Tendayi Achiume, the organisation’s special rapporteur for racism, said there had been a 600 per cent increase in the number of white supremacists espousing their views on Twitter since 2012.
This, coupled with the proliferation of thousands of websites dedicated to far-right movements, contributed to a “growing climate of intolerance”, she added.
“At the core of neo-Nazism ideologies lies a hatred of Jews, as well as many other racial, ethnic, and religious groups. These ideologies also vilify lesbian, gay, bisexual, transgender and intersex people, and persons with disabilities, and in some cases women,” she said.
The role social media plays in furthering racial violence and the far right was put under the spotlight at the weekend after a gunman shot dead 11 worshippers at a synagogue in Pittsburgh.
Prime suspect Robert Bowers who has entered a plea of not guilty to federal charges, was nonetheless an active participant on the Gab social media network, which was created in 2016 to counter the perceived left-leaning bias of traditional social media platforms.
The company, which has been repeatedly criticised for allowing violent and far-right content on its platform, was taken offline after the shooting following a decision by the hosting provider, GoDaddy.
Trump family visits Pittsburgh synagogue where massacre took place
But the likes of Twitter and Facebook have also faced criticism for not doing enough to counter hate speech on their portals.
Facebook announced earlier this week that it had banned several groups associated with the far-right political group known as the “Proud Boys”, including one with more than 20,000 members.

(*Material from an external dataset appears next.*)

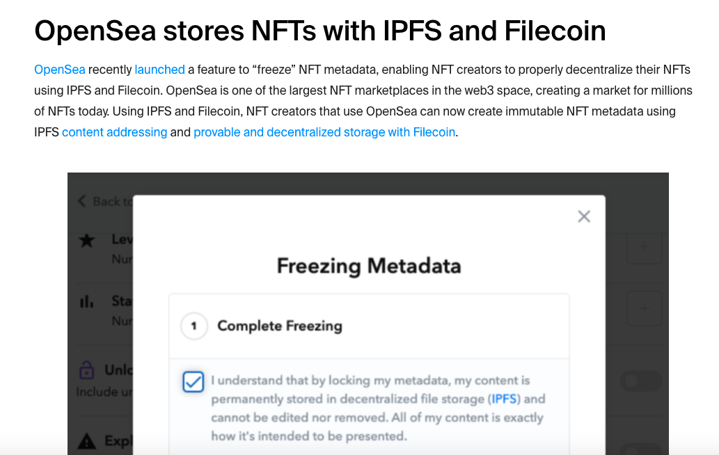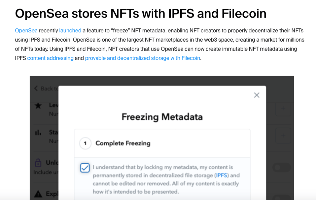In June 2021, Filecoin announced that Opensea has launched the “Freezing Metadata” feature using IPFS and Filecoin.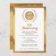 Cette invitation d'anniversaire de mariage de 50 ans est simple mais élégante. Elle présente un motif en faux or qui sert de fond aux monogrammes du couple et une zone de texte blanc avec une fine bordure. Le verso de l'invitation présente également l'image de la texture de la feuille de faux or et le motif. Cette invitation de 50e anniversaire de mariage en faux or est prête à être personnalisée.

The tech company’s website said “violent or dehumanising speech, statements of inferiority, or calls for exclusion or segregation” were banned.
Twitter policy states the firm is “committed to combating abuse motivated by hatred, prejudice or intolerance, particularly abuse that seeks to silence the voices of those who have been historically marginalised”.
But Ms Achiume said tech companies still needed to do more to ensure their platforms did not provide a safe haven for extremist groups or allow the spread of “extremist, sensationalist, conspiratorial” news.
“Action is required by more states to implement anti-hate speech laws and ensure equality and non-discrimination including online, in accordance with international human rights law,” she said. “Criminal and civil penalties alone will not put an end to racial and xenophobic intolerance.
“A state’s first step must be explicit recognition that the proliferation of nationalist populist mobilisations and neo-Nazi groups threaten racial equality.”